With the Palace-Parking-Ramp (and bus-stop appendix) in mind, some rhetorically twisted folks might reply from the council table, "Yo, fool, we are building a bus-stop, we need a Port Authority for the bus-stop, so the council will have the power going along with the bus-stop to bond our resident-taxpayers of this fair city deeper into public debt than otherwise; and we need that power, because - we have a bus-stop. Further, folks over on the hilltop at St. Paul, the Legislature, they should let us, absent any formal Ramsey resolution or ordinance on the record (in advance of the 2006 elections), send a stealth lobbyist in to push for legislation allowing Ramsey to kite up the amount of public debt we councilmembers can later hang onto our beloved citizenry."

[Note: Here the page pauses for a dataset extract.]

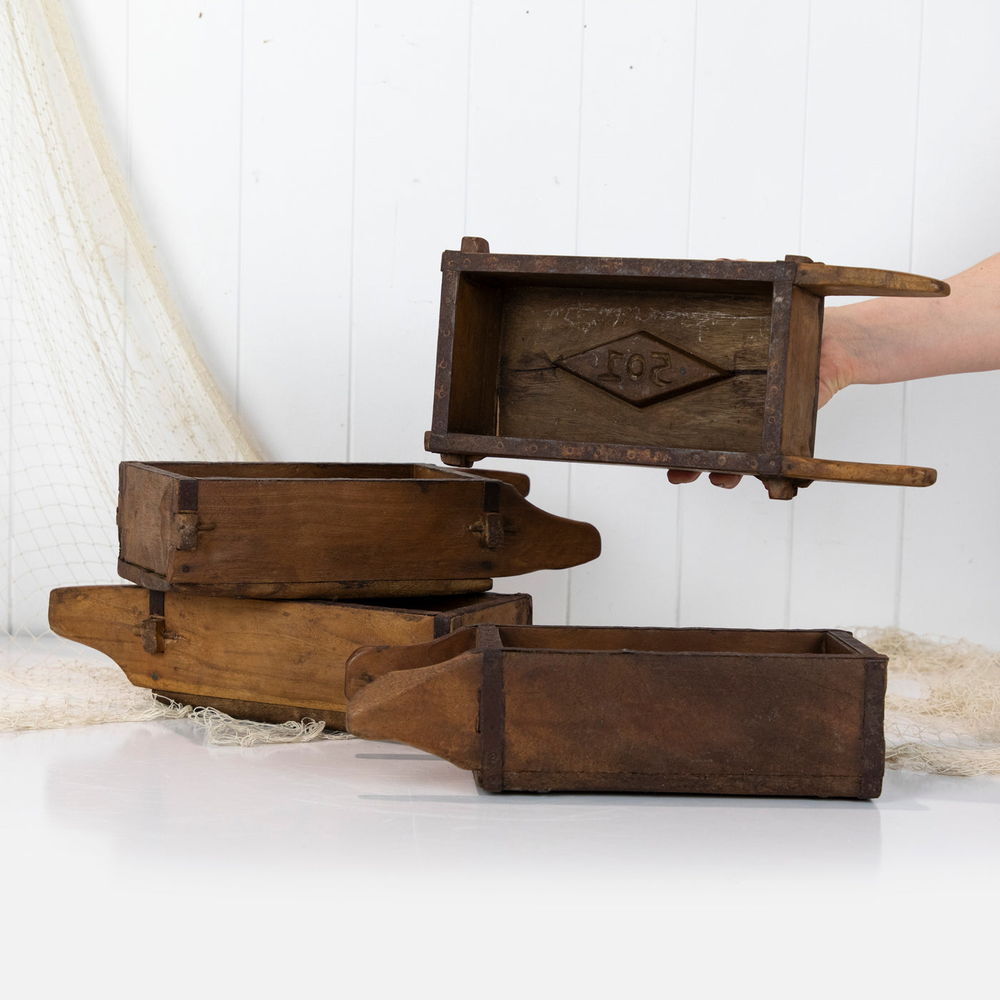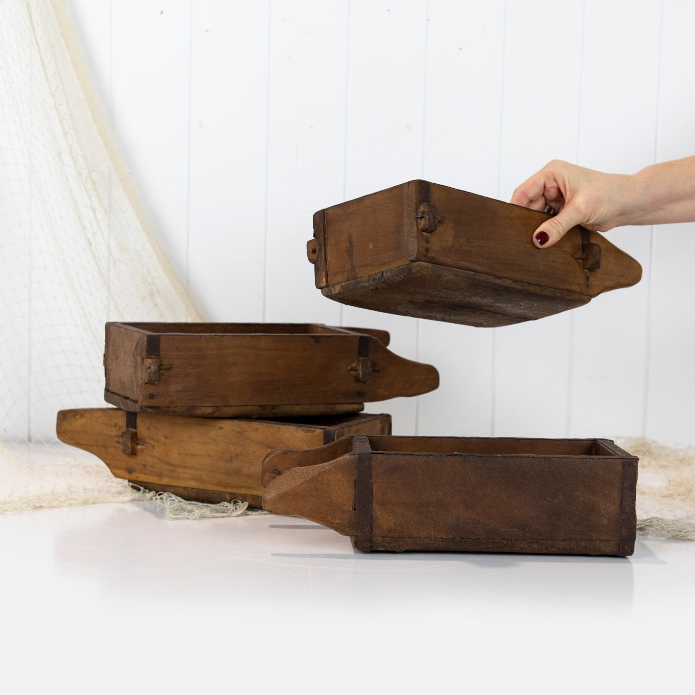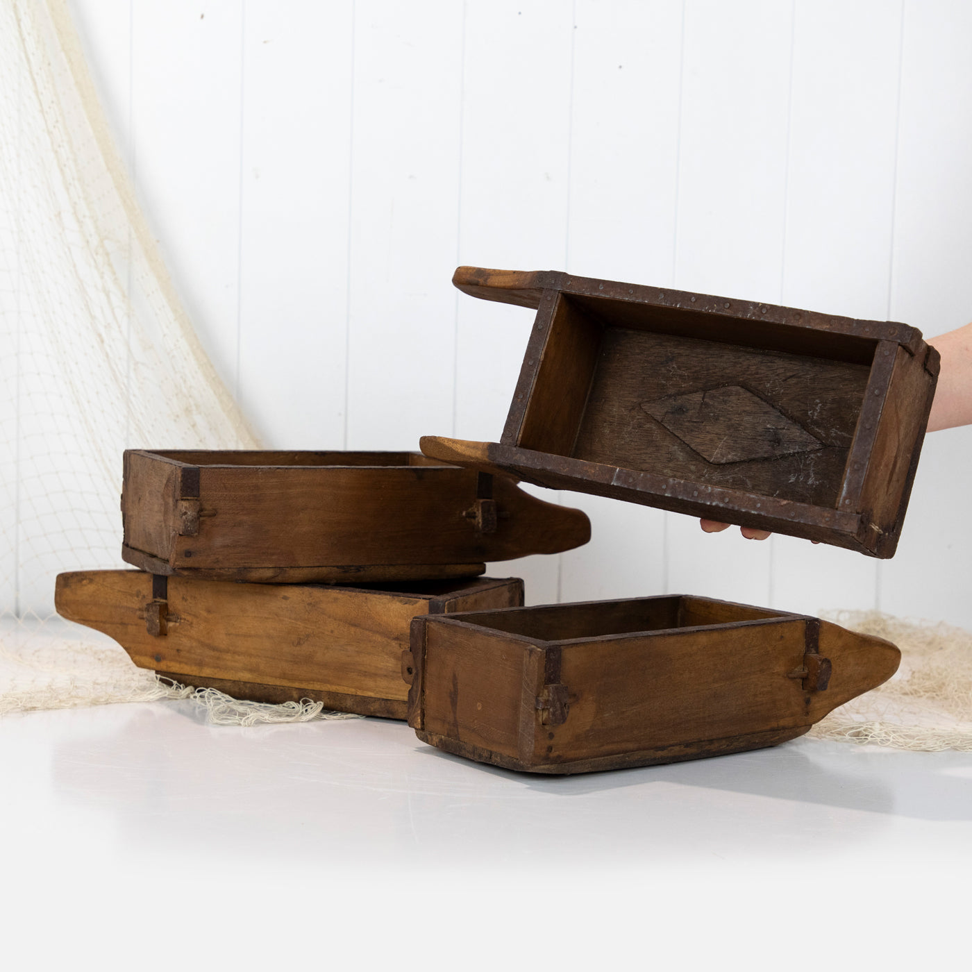 These gorgeous wooden boxes are actually a brick moulds and were used to shape clay or mud into blocks!

Or something substantially saying that, less directly, less succinct.

Most folks in Ramsey probably do not even know our steath lobbyist exists, this formally declared and identified lobbyist for the City of Ramsey who in the dead winter of 2005, signed on to carry water up the hill for Ramsey, apparently without anyone not under the right civic rock knowing it was happening.

Two water towers, and a lobbyist.

Wow. Growth is great, isn't it?

Two water towers, a lobbyist, and hundreds, up to thousands of new single family and shared-wall housing units on the ground and in the works in Ramsey, and lots, and lots, and lots, and lots of Tinklenberg-and-talk about Highway 10 at some indefinite point in the future being scaled to finally fit the growth in traffic, and further talk about a "Dayton Bridge" -- again, indefinite as to timing but sounding real promising, as general inexact talk.

Traffic multiplies and talk keeps pace. Paving doesn't.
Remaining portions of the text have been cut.